Work request -
Return an exact copy of the data, starting at its first line and ending at the line that contains "- 성장기 후반~쇠퇴기: Cash Cow(수익주종사업)", minus any pictures.

-------- Input material

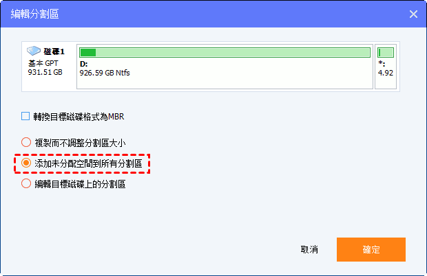 在作業摘要介面,點選編輯分割區按鈕,然後選擇添加未分配空間到所有分割區選項,以便充分使用容量更大的SSD上的儲存空間。
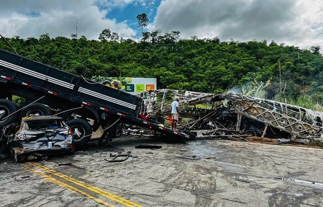 O incidente envolveu um ônibus, uma carreta e um veículo de passeio, na BR-116, segundo o Corpo de Bombeiros mineiro.
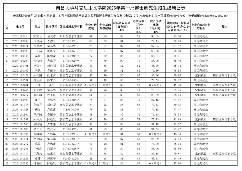 南昌大学马克思主义学院2026年第一批博士研究生招生成绩公示
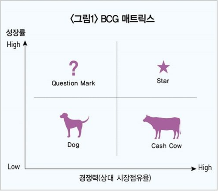 - 성장기 후반~쇠퇴기: Cash Cow(수익주종사업)
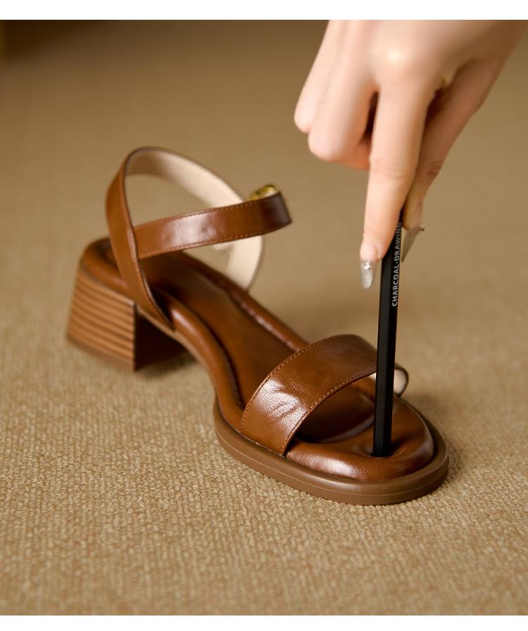 Sandalias de una palabra para mujer, retro, tacón grueso, verano, nuevo atuendo, zapatos romanos, suela suave, no cansan los pies, sandalias para vacaciones
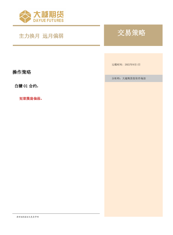 【大越期货】【20220801】白糖交易策略:主力换月,远月偏弱-15页
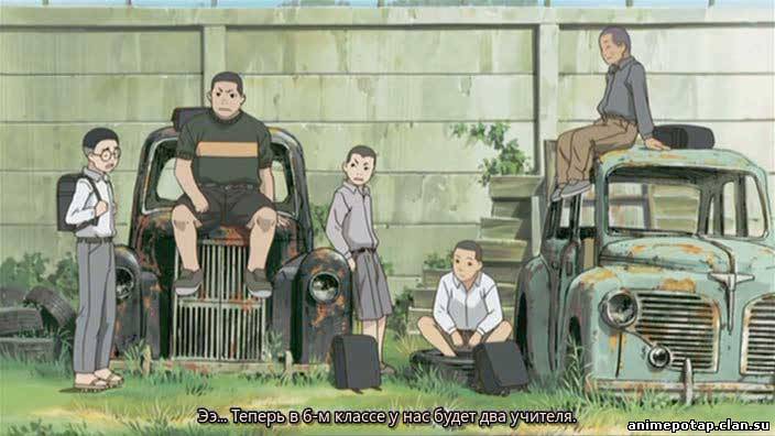 .......................................................... Описание: "Furusato Japan" - победитель в номинации «Лучший детский фильм» и «Лучший анимационный фильм» на фестивале азиатских фильмов в Лионе в2006 г. 1956 г. Япония оправляется после Второй мировой войны. В домах появляются первые телевизоры и телефоны. Акира Янагисава, перенёк из бедной семьи, ходит в обычную школу. В начале учебного года в их класс приходят новая девочка красавица Шицу Миянага и новая учительница Рико Сакамото. Учитель Сакамото в числе других учеников выбирает Шицу и Акиру в школьный хор, который готовится к городскому конкурсу школьных музыкальных коллективов. Однако Акиру с друзьями поймали на мелком воровстве, за этим следует ещё одно трагическое событие, и участие ребят в состязании становится под большим вопросом ... Потрясающее, необычайно доброе аниме с великолепной рисовкой и замечтательным саундтреком.

----------------

Your response -
 在作業摘要介面,點選編輯分割區按鈕,然後選擇添加未分配空間到所有分割區選項,以便充分使用容量更大的SSD上的儲存空間。
 O incidente envolveu um ônibus, uma carreta e um veículo de passeio, na BR-116, segundo o Corpo de Bombeiros mineiro.
 南昌大学马克思主义学院2026年第一批博士研究生招生成绩公示
 - 성장기 후반~쇠퇴기: Cash Cow(수익주종사업)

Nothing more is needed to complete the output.